• [What is needed]: Starting at the first line of the records below, reproduce every line up to and including the line with "CTI論壇(ctiforum", but leave out all pictures.

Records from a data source
##########

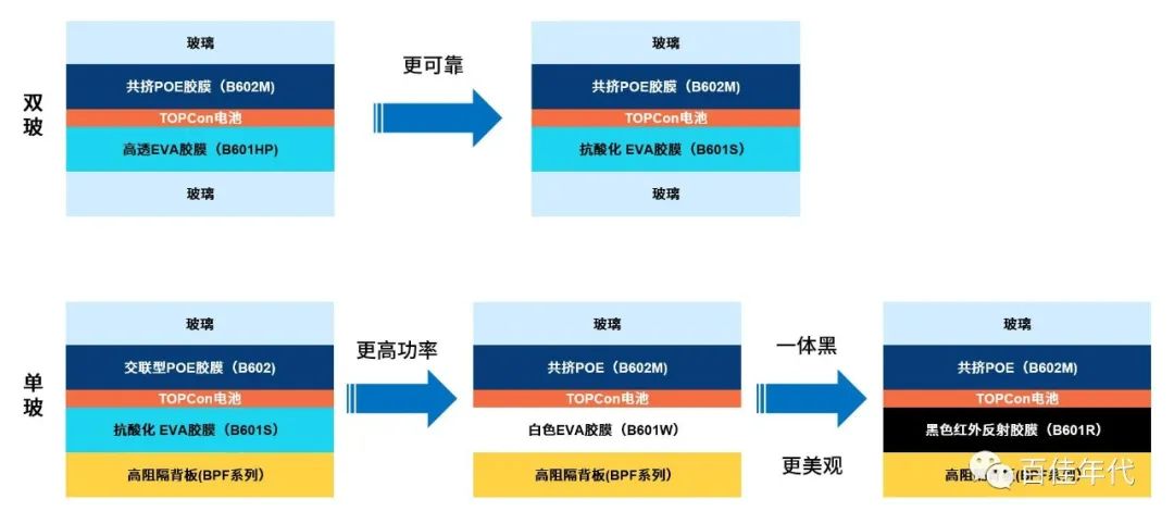 针对TOPCon在抗酸化、耐腐蚀、高阻隔性、高防滑等性能要求的不断提高,百佳年代推出系列应用于TOPCon组件封装解决方案。除满足上述性能需求外,还具有低温塑形,工艺兼容性高,可有效降低电池片的功率衰减等特点,组件功率衰减<3%。
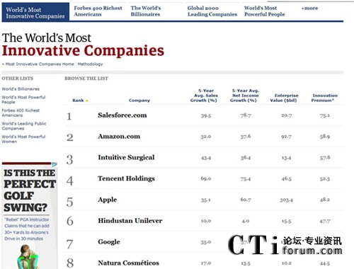 CTI論壇(ctiforum)8月15日消息(記者 張潔):2011年7月,由美國(guó)知名財(cái)經(jīng)雜志《福布斯》評(píng)選出的全球百大最具創(chuàng)新能力企業(yè)排行榜上,salesforce.com超越Facebook、蘋果、亞馬遜等知名企業(yè)位列第一。
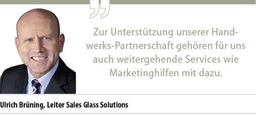Brüning – Zur Unterstützung einer erfolgreichen Partnerschaft gehören für uns auch weitergehende Services. Umfangreiche Verkaufsunterlagen, Musterkoffer und Ausstellungsmodule sind da im Grunde selbstverständlich. Bestellvorgänge werden durch die Nutzung unseres E-Shops besonders einfach. Eine Stufe weiter gehen wir mit unserem Web-Service, d. h. der Möglichkeit für die Verarbeiter, unsere Stammdaten direkt in ihre eigenen ERP-Systeme einzuspielen, für eine schnelle Artikelpflege. Besonders erwähnenswert ist sicher auch das neue Schulungskonzept. Unter dem Namen First Glass Experience sprechen wir sowohl die Verkaufspartner als auch die Montagepartner an. Die Schulungsmodule für die Monteure sind gestaffelt nach Komplexität in Basic, Professional und Expert. So vermitteln wir detailliertes Wissen zu unseren Produkten in Theorie und Praxis. Hier kann man also einen richtigen Wissensvorsprung in Produktkompetenz und Einbausicherheit erlangen und darf sich qualifizierter Montagepartner nennen.
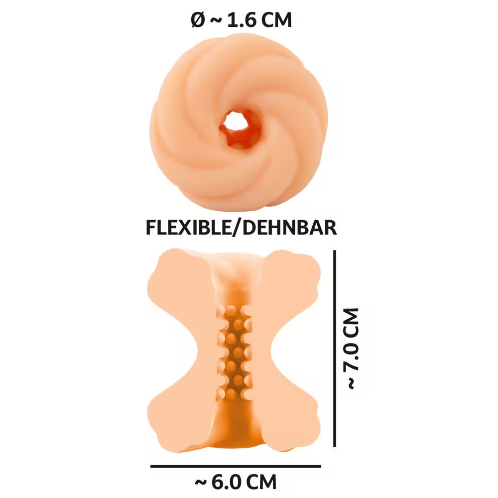 Ta igračka je kombinacija erekcijskega obročka, raztegovalca mod, masturbatorja in odbijača v enem! Zelo elastičen rokav ima zrnasto teksturo v notranjosti. Če obrneš rokav od znotraj navzven, ga lahko uporabiš kot odličen odbijač med seksom tako, da penis ne penetrira pregloboko.
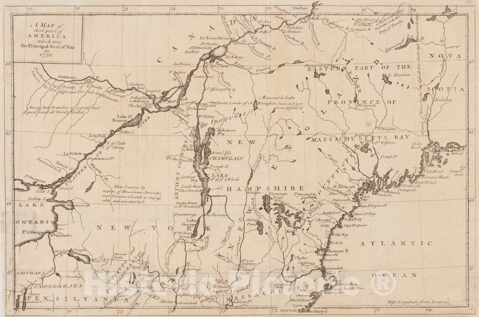 Historical Map, A Map of That Part of America which was The Principal seat of war in 1756, Vintage Wall Art

##########

• [Answer to this task]:
 针对TOPCon在抗酸化、耐腐蚀、高阻隔性、高防滑等性能要求的不断提高,百佳年代推出系列应用于TOPCon组件封装解决方案。除满足上述性能需求外,还具有低温塑形,工艺兼容性高,可有效降低电池片的功率衰减等特点,组件功率衰减<3%。
 CTI論壇(ctiforum)8月15日消息(記者 張潔):2011年7月,由美國(guó)知名財(cái)經(jīng)雜志《福布斯》評(píng)選出的全球百大最具創(chuàng)新能力企業(yè)排行榜上,salesforce.com超越Facebook、蘋果、亞馬遜等知名企業(yè)位列第一。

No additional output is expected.